Важнейшими открытиями для неё были те, которые подступали к решению ключевых проблем «школы для всех»:
– Как найти возможность успешно обучать всех детей без отбора и не унижать человеческого достоинства ни в одном из них?
– Как решать прагматические, исчислимые задачи – и одновременно не преграждать движение духа, рост душевных сил – невидимые, неуловимые?
– Как совместить стремление к событийности, неповторимости учебной жизни, чуткость к происходящему, готовность разворачивать работу от здесь и сейчас складывающихся ситуаций – и необходимую предсказуемость, надёжность в ожидании успеха детей?
Идеи, как утверждал Соловейчик, – «во всяком случае ценные идеи, в педагогике рождаются по необходимости – когда без неё, без идеи, нельзя обойтись. Идеи рождаются не от ума, а от совести». Да и сама педагогика, по соловейчиковскому определению – «наука об искусстве сотрудничать».

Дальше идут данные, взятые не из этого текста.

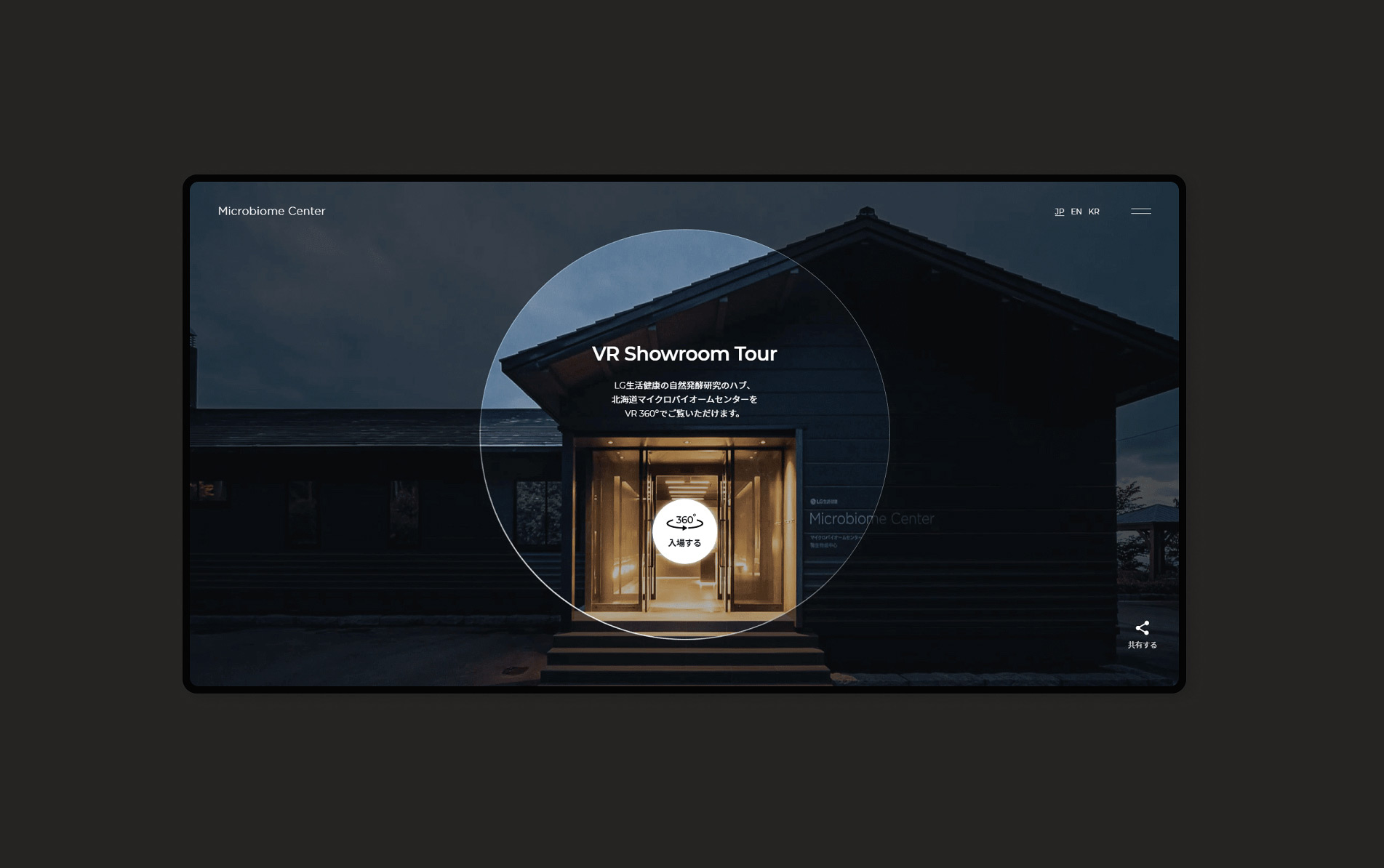 홋카이도 오타루에 위치한 마이크로바이옴 센터의 내부 공간을 360º VR로 관람할 수 있도록 온라인 서비스하고 있습니다. 웹사이트에서는 센터 내부에 배치된 홍보 콘텐츠와 전시물에 대해 자세하게 안내하고 있습니다.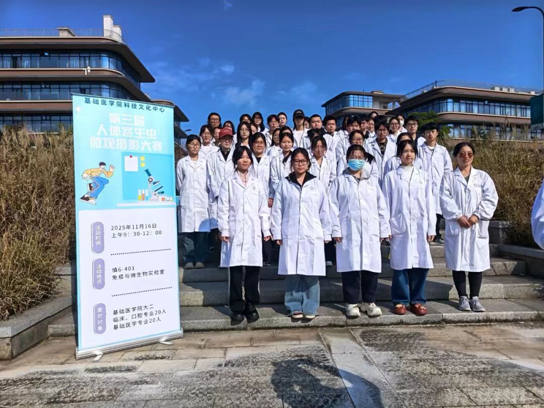 2025年11月16日,以“以镜载虫,美识并举”为主题的第三届人体寄生虫微观摄影大赛,在慎园6号楼407实验室圆满落幕。基础医学院各专业40余名学生积极参赛。活动旨在引导同学们深入探索人体寄生虫的奥秘,将实验技能与美学创意深度融合,激发对生命科学的探索热情。

Что стоит за этим странным определением – мы сперва и попробуем разобраться.
Соловейчик и Сухомлинский. Два решения «Педагогики для всех»
«Писатель и публицист Симон Соловейчик», – так представляли его обычно. «Я – сочинитель» – определял он себя сам.
Сегодня от этих вроде бы необидных и общеудобных определений приходится отказаться. Нужно выбирать: или просто не замечать Соловейчика, умалчивать о нем – или признать в его лице не только крупнейшего отечественного педагогического журналиста, но и одного из наиболее значительных теоретиков педагогики прошедшего века.
Одна из причин, позволяющая «и замечать, и не замечать» Соловейчика, очевидна: главные имена в педагогической классике двадцатого века – имена практиков. А в биографии Соловейчика учительский опыт занял лишь несколько лет. Годы учительства не были для него годами особенных открытий, они лишь позволили яснее оценивать открытия других, превратить «открывание первооткрывателей» в свою профессию.
Но и среди мыслей героев его книг и статей вряд ли какое-либо иное определение было Соловейчику ближе, чем «формула веры» Сухомлинского: «Желание быть хорошим – моя педагогическая вера. Я твёрдо верю в то, что воспитание лишь тогда становится ваянием человека, когда оно основано на культе человеческого достоинства. На том, чтобы человеку неприятно, мерзко было даже думать о себе как о плохом, чтобы ему хотелось быть хорошим, чтобы: это было сокровенное, неискоренимое желание.»